EU-Kommission für Netzsperren: Nur das Parlament kann sie stoppen

Die EU könnte alle Mitglieder zwingen, Kinderpornografie zu blockieren. Damit hätte sie den erfolgreichen Protest in Deutschland gegen solche Netzsperren ausgehebelt.

Das will die EU-Kommission: Netzsperren. Bild: dpa

FREIBURG taz | Hat Deutschland bald keine Wahl mehr? Zwar sind Sperren für Kinderporno-Webseiten hierzulande derzeit ausgesetzt, doch gleichzeitig plant die EU-Kommission, sie europaweit einzuführen. Fast alle EU-Staaten sind dafür. Nur das EU-Parlament kann den Plan noch stoppen.

Die Kommission will eine neue Richtlinie mit Maßnahmen gegen Kindesmissbrauch und seine Darstellung im Netz. Am umstrittensten ist die EU-weite Einführung von Internetsperren: "Jeder Mitgliedstaat trifft die erforderlichen Maßnahmen, damit der Zugang von Internet-Nutzern zu Webseiten, die Kinderpornografie enthalten oder verbreiten, gesperrt wird", heißt es im Kommissionsvorschlag.

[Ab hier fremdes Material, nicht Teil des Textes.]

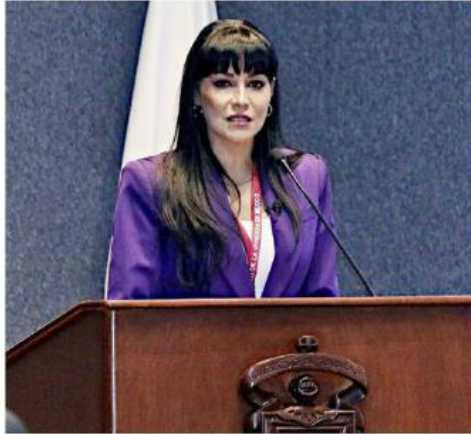
La legisladora estuvo ayer en Guadalajara en el foro "El futuro de la vivienda social en México".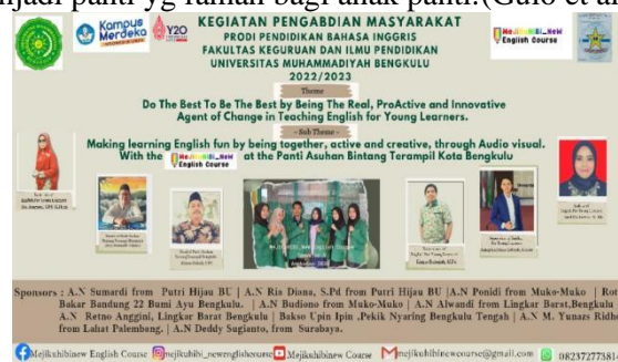
Gambar 1. Banner

Dengan demikikan sangat disayangkan Bila periode ini dilewatkan. pengajaran bahasa Inggris harus diberikan sedini mungkin sebab sosialisasi dini bisa menaikkan dominasi. Kompetensi bahasa Inggris sangat dibutuhkan buat mempersiapkan energi profesional yg mampu bersaing di era kemajuan ilmu pengetahuan dan teknologi pada warga . Akan sangat baik Jika semakin banyak orang yang tahu tentang pentingnya pengenalan bahasa Inggris di usia dini supaya mampu pemerolehan bahasa asing yang cepat tercapai. Belajar bahasa asing mempunyai beberapa keuntungan bagi anak-anak, antara lain menaikkan kemampuan komunikasi bahasa Inggris, mempromosikan pembelajaran budaya lain, meningkatkan keterampilan kognitif, menaikkan kesadaran akan konsep metalinguistik, meningkatkan motivasi, mendorong buat belajar, meningkatkan interkulturalisme, menumbuhkan pencerahan serta rasa kewarganegaraan global, dan menumbuhkan nilai-nilai yg menghargai keragaman. Mengatasi kesulitan atau kendala yang dimiliki anak panti agar potensi yg dimiliki anak panti bisa tersalurkan dengan baik. Panti Asuhan Bintang Terampil Bengkulu berusaha semaksimal mungkin buat menjadi panti yg ramah bagi anak panti.(Gulö et al., n.d.)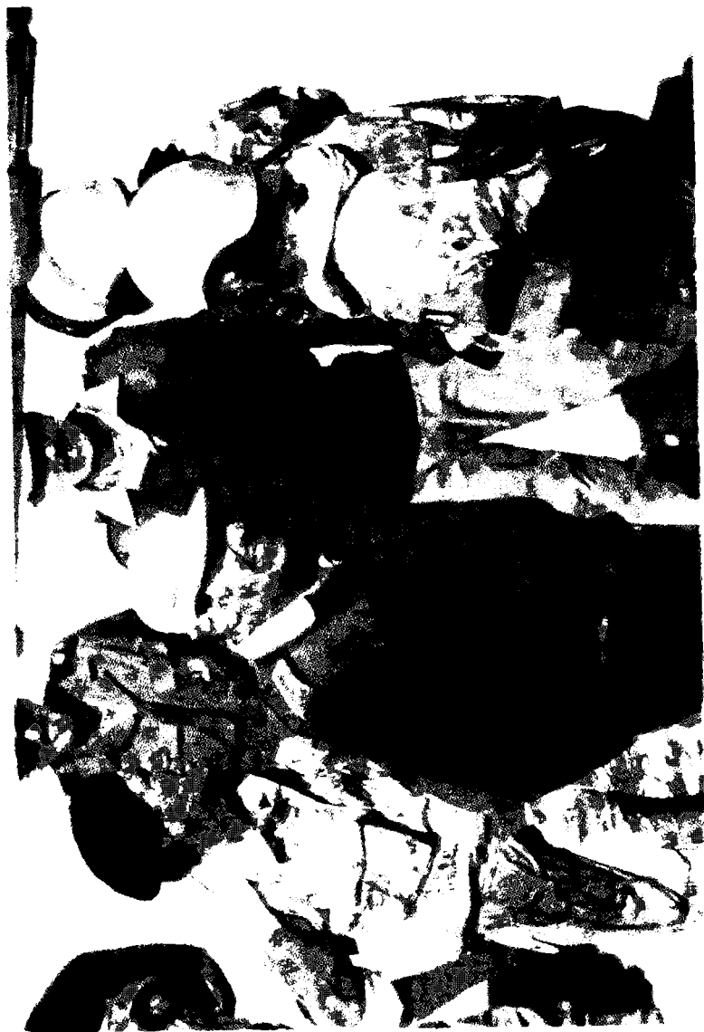
الفريق الركن خالد بن سلطان قائد القوات المشتركة مع عدد من القادة الميدانيين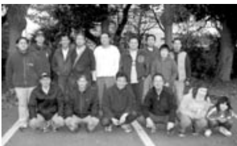
ただいま、青年部員募集中!

トが開催されました。当青 年部は共催として飲食コー ナーで豚汁や唐揚げを販売 し、晩秋の寒空の中、多く の来場者で賑わう会場の憩 いの場を提供しました。 今後は、経済セミナーな どの研修事業を予定してい ます。皆様のご参加・ご来 場をお待ちしています。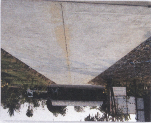
เขื่อนฝายน้ำล้น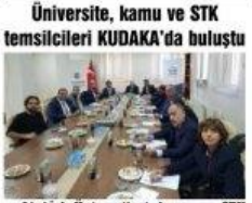
Üniversite, kamu ve STK temsilcileri KUDAKA'da buluştu Atatürk Üniversitesi, kamu ve STK temsilcileri KUDAKA ev sahipliğinde düzenlenen toplantıda bir araya geldi.

Üniversite, kamu ve STK temsilcileri KUDAKA`da buluştu .Atatürk Üniversitesi, kamu ve STK temsilcileri KUDAKA ev sahipliğinde düzenlenen toplantıda bir araya geldi.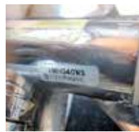
①デジタル表示型混合水栓

慣れないうちは戸惑いもあるかと思いますが、不特定多数の人が使い、使用頻度の高い場所では多機能な水栓よりもシンプルなものが故障もなく長く使えるのが特徴です。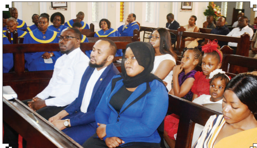
Waumini wakishiriki Ibada ya Pasaka katika Kanisa Kuu Anglikana la Mtakatifu Albano, jijini Dar es Salaam, jana.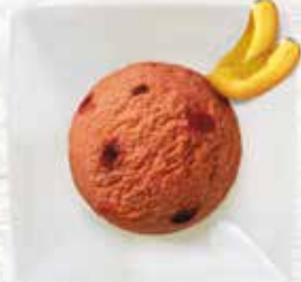
Sorbet Zwetschge Sorbet mit Zwetschgenstückchen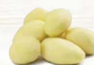
Medelpotatis små 1015, 38-42 mm, 7 kg

In Deutschland hat der Bundestag im Juni 2009 das sogenannte Zugangserschwerungsgesetz beschlossen. Seitdem ist das BKA eigentlich verpflichtet, täglich eine Liste von Kinderporno-Seiten an deutsche Internet-Provider zu liefern. Die Provider sollten dann für ihre Kunden den Zugang erschweren und sie auf eine Stopp-Seite umleiten. Kritiker befürchten, dass die Sperr-Infrastruktur bald auch gegen andere Inhalte eingesetzt wird. Die FDP hat deshalb durchgesetzt, dass das Gesetz zunächst nicht angewandt wird. Ein Jahr lang soll das BKA stattdessen eine Löschung von Kinderporno-Seiten im Ausland erwirken. Ab März will die Koalition die Erfahrungen evaluieren.

Diese Evaluation könnte ins Leere laufen, wenn nun auf EU-Ebene Internetsperren verpflichtend eingeführt werden. Justizministerin Sabine Leutheusser-Schnarrenberger (FDP) bat deshalb bei einer EU-Ratssitzung im Dezember um eine Öffnungsklausel. Die EU soll es den Mitgliedern überlassen, ob sie Netzsperren einführen oder nicht. Sogar Innenminister Thomas de Maizière (CDU) unterstützte seine Kollegin, obwohl die Union innenpolitisch immer noch für Websperren plädiert.

Allerdings hatte der deutsche Antrag keine Chance. Nur England, Luxemburg und Rumänien sprachen sich gegen eine Sperrpflicht und für Flexibilität aus. Die Mehrheit der EU-Staaten, will, dass immer dann gesperrt wird, wenn das Löschen nicht möglich ist, so der "Orientierungsbeschluss" vom Dezember.

Doch noch ist die Schlacht nicht verloren. Zwingende Websperren kommen nur, wenn auch das EU-Parlament zustimmt. Am 14. Februar wird es im Ausschuss für Bürgerrechte eine vorentscheidende Abstimmung geben. Dabei scheint derzeit eine Mehrheit gegen die EU-weite Sperrpflicht sicher. Sogar die konservative Berichterstatterin Roberta Angelilli - eigentlich Sperr-Anhängerin - plädiert für Wahlfreiheit. Kontrovers ist im Parlament eher, ob Websperren dort, wo es sie bereits gibt wie in England und Schweden, künftig unter Richtervorbehalt stehen sollen. Sozialdemokraten, Grüne und Liberale haben das beantragt. Angelilli und die Konservativen sind dagegen.

Es wird also keinen Durchmarsch der Sperr-Befürworter geben, eher einen Stellungskrieg. Denn wenn Rat und Parlament uneinig sind, folgen Verhandlungen. "Wir werden einen langen Atem brauchen", sagt Jan Philipp Albrecht (Grüne), im EU-Parlament der Anführer der Sperrgegner.